• _SOURCE DATA_

BEGIN

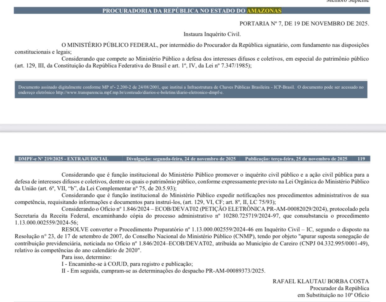 O Ministério Público Federal (MPF) no Amazonas instaurou um Inquérito Civil para investigar uma suposta sonegação de contribuições previdenciárias atribuída ao município de Careiro, que estava sob gestão de Nathan Macena. A apuração é relativa às competências do ano-calendário de 2020.
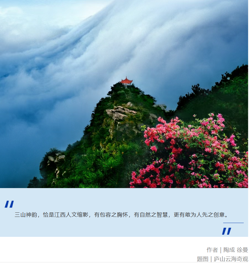 庐山、三清山、龙虎山不仅是著名的旅游目的地,更是生态保护、文化传承和绿色发展的鲜活典范。透过三山神韵,可以看到江西厚实的绿色家底与卓绝的人文风华。
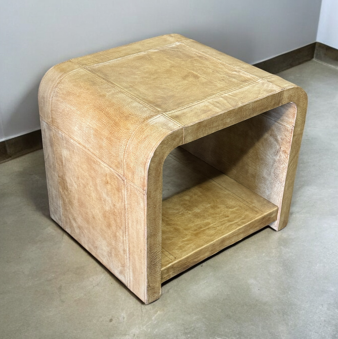 Meet the Les Vans End Tables (2-Pack): two compact tan faux-leather tables with a curved arch frame that bring modern style and practical surface space to your living room or bedroom. Their lower shelf adds extra storage or display, while the durable upholstery is easy to clean.
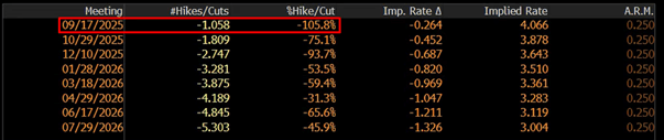Heading into the meeting, the market had predicted a small chance of a double cut (50-bps), generally between 4 and 8% (~5.8% as pictured below); the market generally does this as a “just-in-case” type of scenario. The chance of a single cut was definitively priced in and a forgone conclusion (e.g., “base case”).

END

• _DIRECTIONS_
The whole of the data needs to be copied word for word, though not its pictures.

• _ANSWER TO THE PROBLEM_
 O Ministério Público Federal (MPF) no Amazonas instaurou um Inquérito Civil para investigar uma suposta sonegação de contribuições previdenciárias atribuída ao município de Careiro, que estava sob gestão de Nathan Macena. A apuração é relativa às competências do ano-calendário de 2020.
 庐山、三清山、龙虎山不仅是著名的旅游目的地,更是生态保护、文化传承和绿色发展的鲜活典范。透过三山神韵,可以看到江西厚实的绿色家底与卓绝的人文风华。
 Meet the Les Vans End Tables (2-Pack): two compact tan faux-leather tables with a curved arch frame that bring modern style and practical surface space to your living room or bedroom. Their lower shelf adds extra storage or display, while the durable upholstery is easy to clean.
Heading into the meeting, the market had predicted a small chance of a double cut (50-bps), generally between 4 and 8% (~5.8% as pictured below); the market generally does this as a “just-in-case” type of scenario. The chance of a single cut was definitively priced in and a forgone conclusion (e.g., “base case”).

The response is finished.